The objective function for agile maximizes profit (1A). Its components are: lumber and chip incomes, penalized incomes for overproduction, less operational costs, and cost penalties for below-demand lumber production, and cost penalties for over/under capacity usage. The objective function for lean minimizes cost (1L) and contains the same components as the objective function for the agile approach. The BC-SC was divided into two problems: (1) timber supply and (2) lumber manufacturing. In order to compare this formulation with the other two, it was assumed that procurement areas transfer logs to the lumber production area with no profits. The timber supply problem satisfies a forecasted log demand; the log production solution was used to solve the lumber manufacturing problem. The objective function of the timber supply problem minimized cost (1T).
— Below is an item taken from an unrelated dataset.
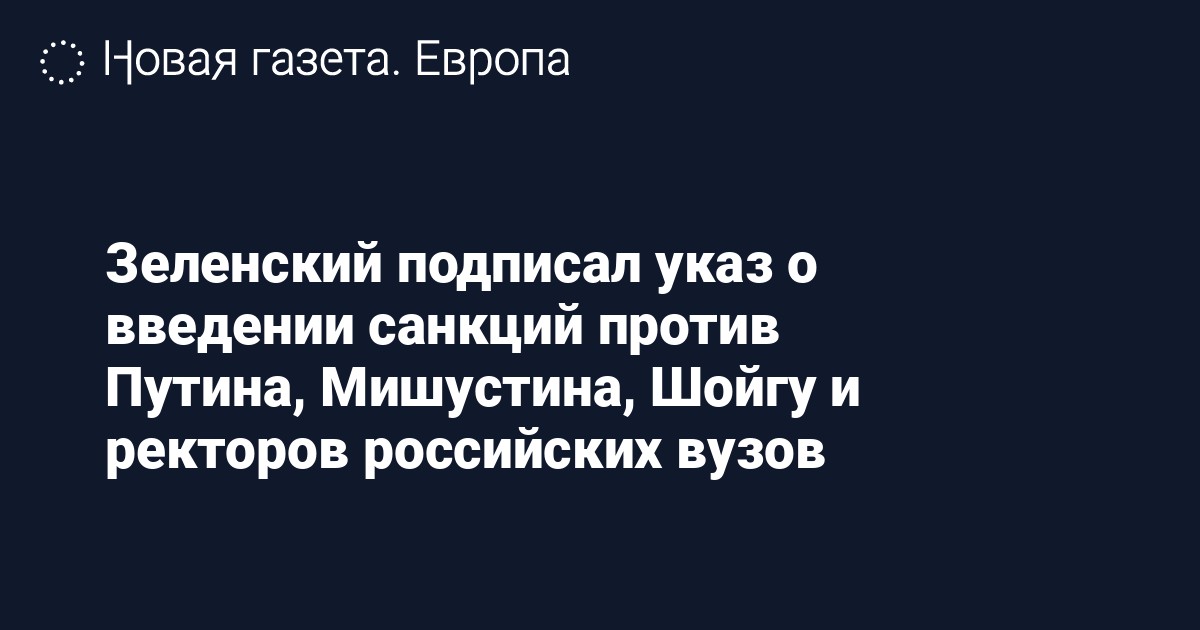 Президент Украины Владимир Зеленский подписал указ о введении санкций против президента России Владимира Путина и членов правительства. Документ опубликован на официальном сайте Зеленского.

Its components were: operational costs and cost penalties for over/under capacity usage in logging and sort yard operations. The lumber manufacturing problem had a profit maximization objective function (1W), and solved the lumber planning problem. The components of the objective function were: lumber and chip incomes, penalized incomes for overproduction, log costs, operational costs, cost penalties for under-demand lumber production, and cost penalties for over/under capacity in sawmilling operations (please see Table A1, Table A2, Table A3, Table A4, Table A5, Table A6 and Table A7 in Appendix A for full formulations).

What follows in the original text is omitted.